**ENTRIES SHOWN:**
******************************
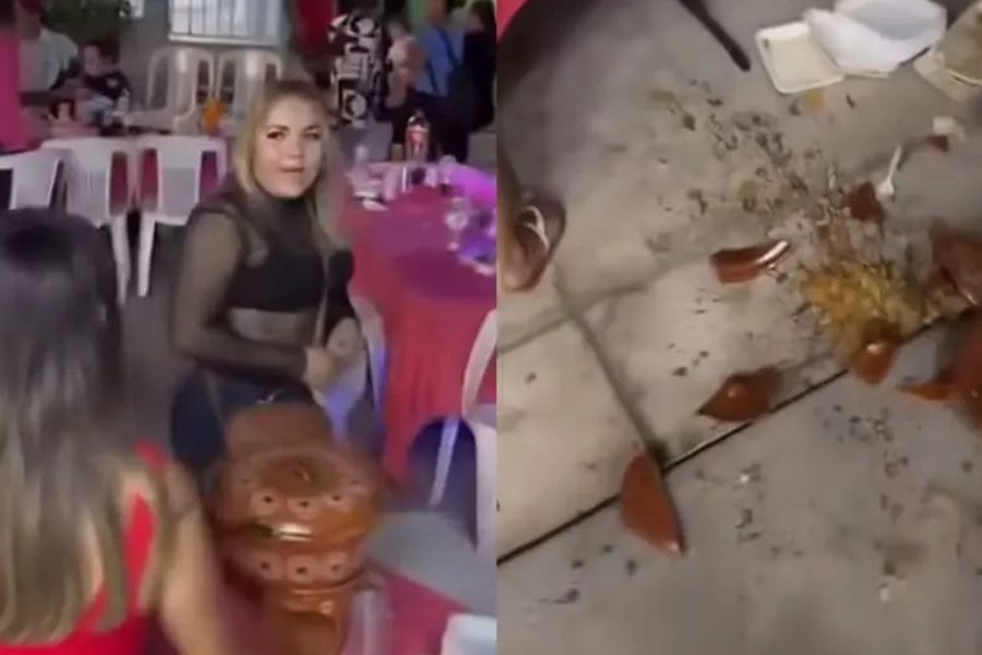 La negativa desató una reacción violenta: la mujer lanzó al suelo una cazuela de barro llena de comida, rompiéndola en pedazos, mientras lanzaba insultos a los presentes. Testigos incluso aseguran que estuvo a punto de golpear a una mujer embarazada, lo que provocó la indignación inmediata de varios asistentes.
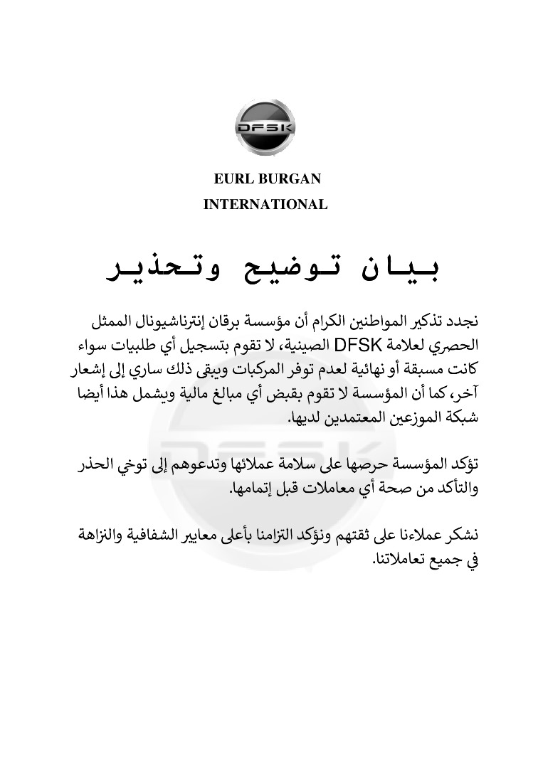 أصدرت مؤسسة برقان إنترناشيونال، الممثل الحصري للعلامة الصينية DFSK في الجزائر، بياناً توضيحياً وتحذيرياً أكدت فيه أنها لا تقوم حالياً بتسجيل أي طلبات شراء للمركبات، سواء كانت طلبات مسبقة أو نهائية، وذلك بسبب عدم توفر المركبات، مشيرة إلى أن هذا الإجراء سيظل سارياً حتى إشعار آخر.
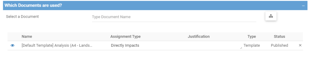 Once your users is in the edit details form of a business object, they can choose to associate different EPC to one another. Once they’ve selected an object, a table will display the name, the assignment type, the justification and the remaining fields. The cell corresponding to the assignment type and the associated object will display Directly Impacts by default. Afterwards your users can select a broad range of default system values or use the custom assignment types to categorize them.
******************************
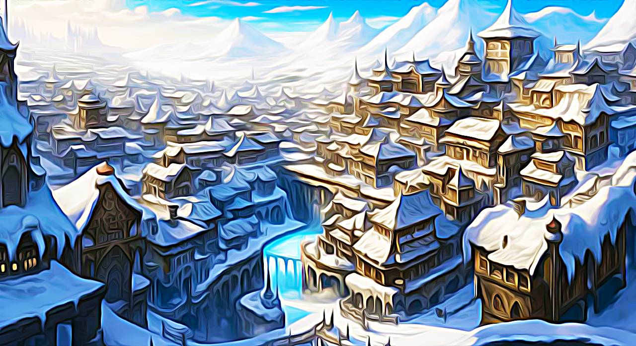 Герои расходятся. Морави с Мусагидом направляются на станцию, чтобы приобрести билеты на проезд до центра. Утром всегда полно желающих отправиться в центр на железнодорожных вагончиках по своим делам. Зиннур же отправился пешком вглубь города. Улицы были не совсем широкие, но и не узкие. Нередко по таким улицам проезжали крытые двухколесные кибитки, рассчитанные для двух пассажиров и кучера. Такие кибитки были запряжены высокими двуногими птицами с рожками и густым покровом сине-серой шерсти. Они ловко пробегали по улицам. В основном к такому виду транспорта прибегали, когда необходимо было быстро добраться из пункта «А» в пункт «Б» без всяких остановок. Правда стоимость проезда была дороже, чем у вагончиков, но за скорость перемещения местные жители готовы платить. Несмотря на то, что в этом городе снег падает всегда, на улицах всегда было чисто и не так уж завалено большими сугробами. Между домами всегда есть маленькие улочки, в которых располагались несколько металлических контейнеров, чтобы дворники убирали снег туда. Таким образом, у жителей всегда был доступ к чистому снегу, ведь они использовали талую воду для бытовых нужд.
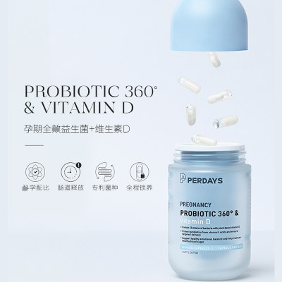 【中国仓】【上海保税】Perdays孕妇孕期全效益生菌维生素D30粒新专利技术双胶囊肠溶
******************************
**GOAL OF THE EXERCISE:** Working from the entries above, reproduce exactly and only the lines beginning with the line that has "La negativa desató" and ending with the line that has "Once your users"; omit all pictures.

**SOLUTION TO THIS TASK:**
 La negativa desató una reacción violenta: la mujer lanzó al suelo una cazuela de barro llena de comida, rompiéndola en pedazos, mientras lanzaba insultos a los presentes. Testigos incluso aseguran que estuvo a punto de golpear a una mujer embarazada, lo que provocó la indignación inmediata de varios asistentes.
 أصدرت مؤسسة برقان إنترناشيونال، الممثل الحصري للعلامة الصينية DFSK في الجزائر، بياناً توضيحياً وتحذيرياً أكدت فيه أنها لا تقوم حالياً بتسجيل أي طلبات شراء للمركبات، سواء كانت طلبات مسبقة أو نهائية، وذلك بسبب عدم توفر المركبات، مشيرة إلى أن هذا الإجراء سيظل سارياً حتى إشعار آخر.
 Once your users is in the edit details form of a business object, they can choose to associate different EPC to one another. Once they’ve selected an object, a table will display the name, the assignment type, the justification and the remaining fields. The cell corresponding to the assignment type and the associated object will display Directly Impacts by default. Afterwards your users can select a broad range of default system values or use the custom assignment types to categorize them.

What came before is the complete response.